German bomber wing of World War II

Kampfgeschwader 25 (KG 25) was a short-lived Luftwaffe bomber wing during World War II. Formed from the crews and aircraft of Erprobungskommando 88, KG 25 operated the Junkers Ju 88. In September 1939, KG 25 was disbanded after its Staffeln were redesignated as the first Gruppe of Kampfgeschwader 30.

==Operational history==
Before the outbreak of World War II, Erprobungskommando 88, commanded by Hauptmann Helmuth Pohle, had been formed at Rechlin to test the Junkers Ju 88. In August 1939, 12 crews and their Ju 88 aircraft were transferred to Jever, where they were designated as the first Staffel of Kampfgeschwader 25 (1./KG 25).

After the British declaration of war on Germany on 3 September, the 10th Flieger-Division was formed to target British shipping.
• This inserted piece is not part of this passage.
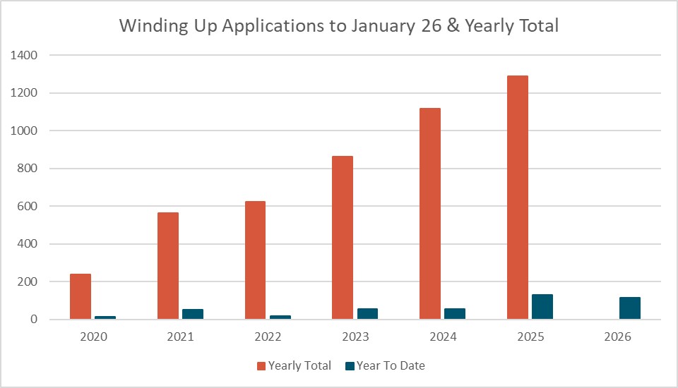 The January monthly total was 115 applications, slightly down on the 2025 total of 130 application. This drop was made up entirely of a reduction in IRD winding up applications from 100 in 2025 to 81 in 2026. Theses application all had February and March hearing dates, so we are expecting to have a busy 2 months to start the year from court appointments.

Due to the 10th Flieger-Division being understrength as a result of aircraft being committed to the Invasion of Poland, the 12 Ju 88s of 1./KG 25 were attached to the division. However, General der Flieger Hellmuth Felmy, the commander of Luftflotte 2, did not believe that the new unit, while still undergoing technical trials of their aircraft, should be sent into combat in this manner. Consequently, 1./KG 25 was withdrawn to Greifswald, where six Ju 88s were forming 2./KG 25.

On 7 September, 1./KG 25 and 2./KG 25 were redesignated. The two Staffeln formed the first Gruppe of Kampfgeschwader 30 (I./KG 30), remaining under the command of Hauptmann Pohle. As a result, KG 25 was disbanded.